Whole-cell transcriptomics

Cells were grown to 80% confluency in a 10-cm plate (two plates per sample) and were collected by trypsinization and washed once with PBS before resuspending in 1 ml of Trizol (Thermo Fisher Scientific). RNA was extracted following the Trizol manufacturer’s specifications. The aqueous phase was transferred to a new tube and an equal volume of 100% isopropanol and 3 μl of glycogen were added to precipitate the RNA. The sample was incubated at −80 oC overnight and centrifuged at 15,000g for 45 min at 4 °C. RNA was resuspended in 50 μl of RNAse-free water and quantified by measuring absorbance at a wavelength of 260 nm. Then, 2 μg of RNA was sent to Novogene for further processing. Novogen services included library preparation, RNAseq on an Illumina HiSeq platform according to the Illumina Tru-Seq protocol and bioinformatics analysis. The raw data were cleaned to remove low-quality reads and adaptors using Novogen in-house Perl scripts in Cutadapt75. The reads were mapped to the reference genome using the HISAT2 software76. The transcripts were assembled and merged to obtain an mRNA expression profile with the StringTie algorithm77. The RNAseq data were then normalized to account for the total reads sequenced for each sample (the read depth) and differentially expressed mRNAs were identified by using the Ballgown suite78 and the DESeq2 R package79. GraphPad Prism v.9.0 software was used to prepare the volcano plots.

MitoRPF

MitoRPF, matched RNAseq and data analysis were performed as previously described31. Briefly, human and mouse cell lysates were prepared and mixed in a 95:5 ratio of human to mouse. For mitoRPF, the combined lysates were subjected to RNaseI treatment and fractionated across a linear sucrose gradient. Sequencing libraries were prepared from the monosome fraction after phenol–chloroform extraction. For RNAseq, RNA was extracted from the undigested combined lysate and fragmented by alkaline hydrolysis and sequencing libraries were prepared. Reads were cleaned of adaptors and filtered of rRNA fragments, and PCR duplicates were removed. Read counts were summed across features (coding sequences) using Rsubread feature Counts80 and then normalized by feature length and mouse spike-in read counts. TE was calculated by dividing spike-in normalized mitoRPF reads per kilobase by spike-in normalized RNAseq reads per kilobase. Values are expressed as the log2 fold change in the LRPPRC-KO cells compared to the LRPPRC rescue cells. MitoRPF and RNAseq data for LRPPRC-KO and LRPPRC reconstituted cell lines were deposited to the Gene Expression Omnibus (GEO) under accession number GSE173283. MitoRPF and RNAseq data for the LSFC reconstituted cell line are deposited to the GEO under accession number GSE221586.

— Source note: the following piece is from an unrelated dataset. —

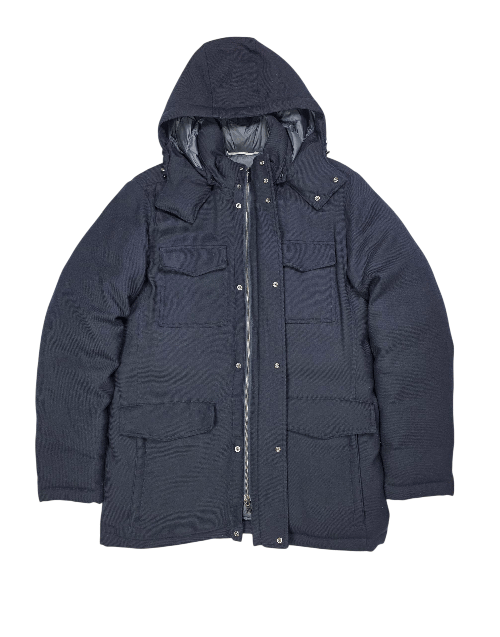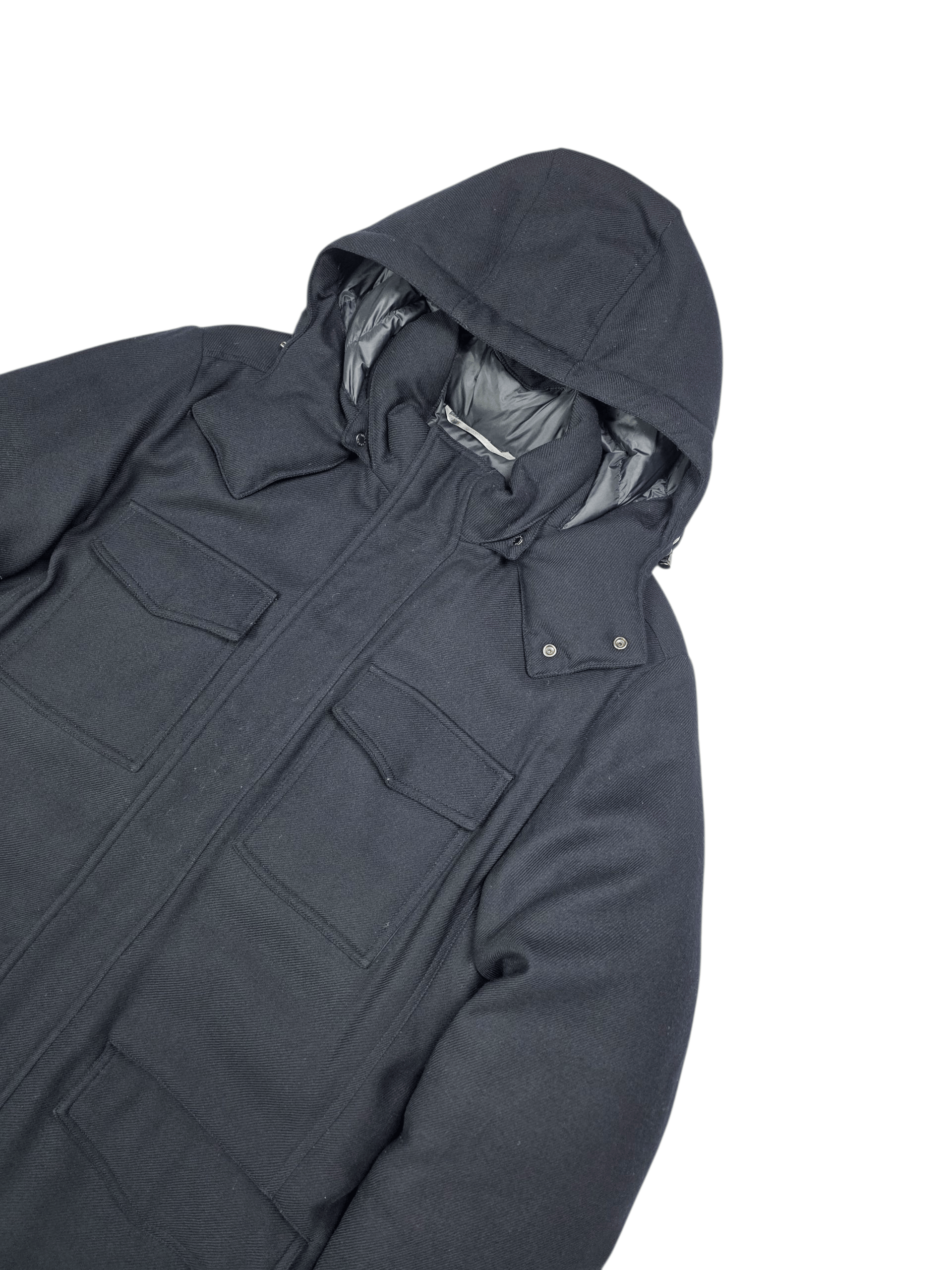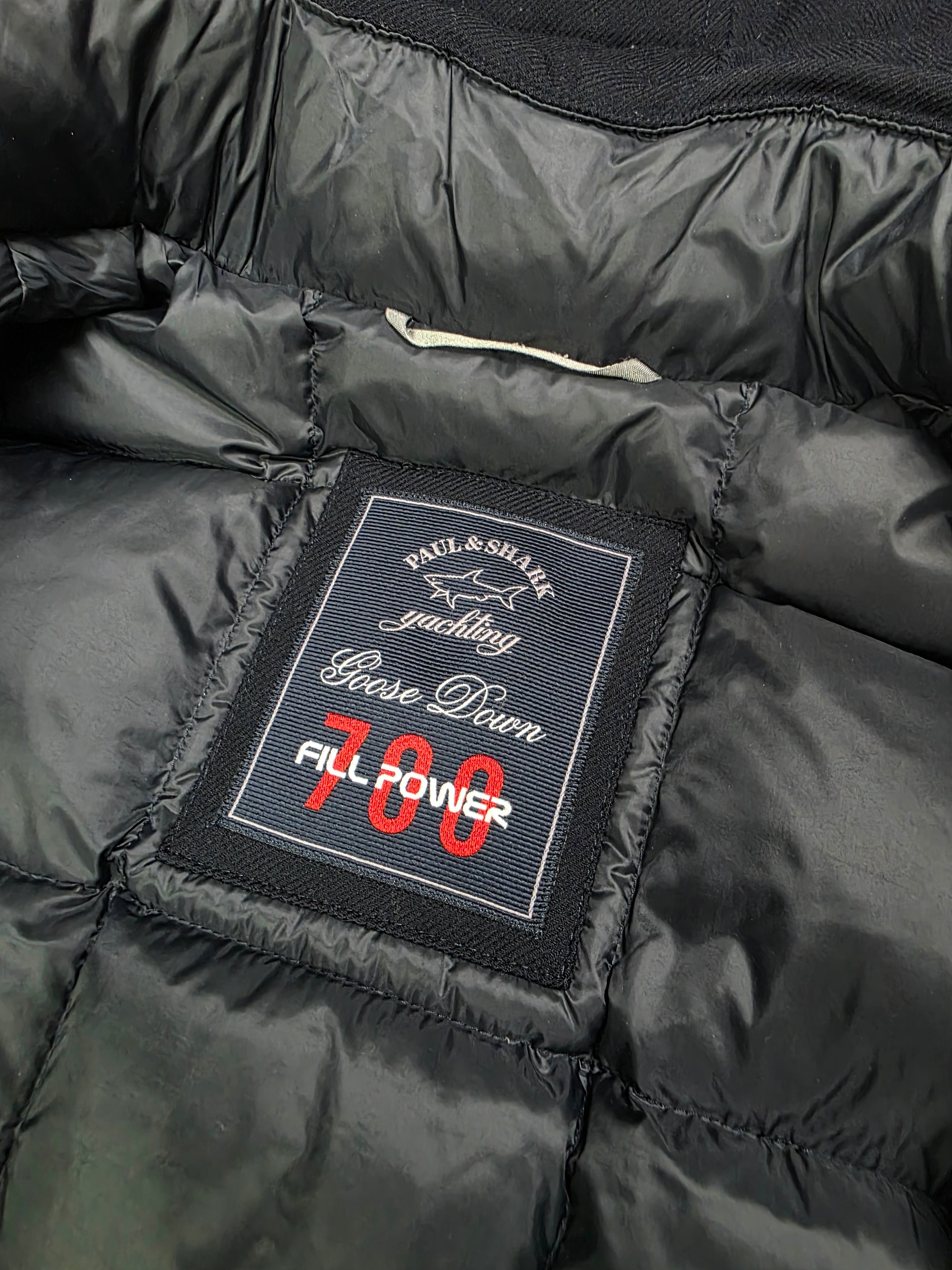 Paul & Shark Goose Down 700 Fill Power Wool jacket. Featuring six front pockets and a removable hood.
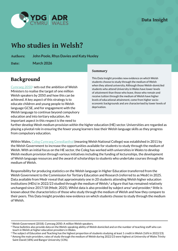 The Census is used as the key source of data for tracking progress towards the Cymraeg 2050 target of reaching one million Welsh speakers by 2050. Different data sources, however, show very different levels of Welsh language skills. This Data Insight demonstrates the contribution that administrative data can make in terms of validating alternative measures…

The mitoRPF length distribution was determined from mitochondrial mRNA aligned reads. First, soft-clipped bases were removed using jvarkit81 and then the frequency for each length was output using SAMtools stats82.

Reporting summary

Further information on research design is available in the Nature Portfolio Reporting Summary linked to this article.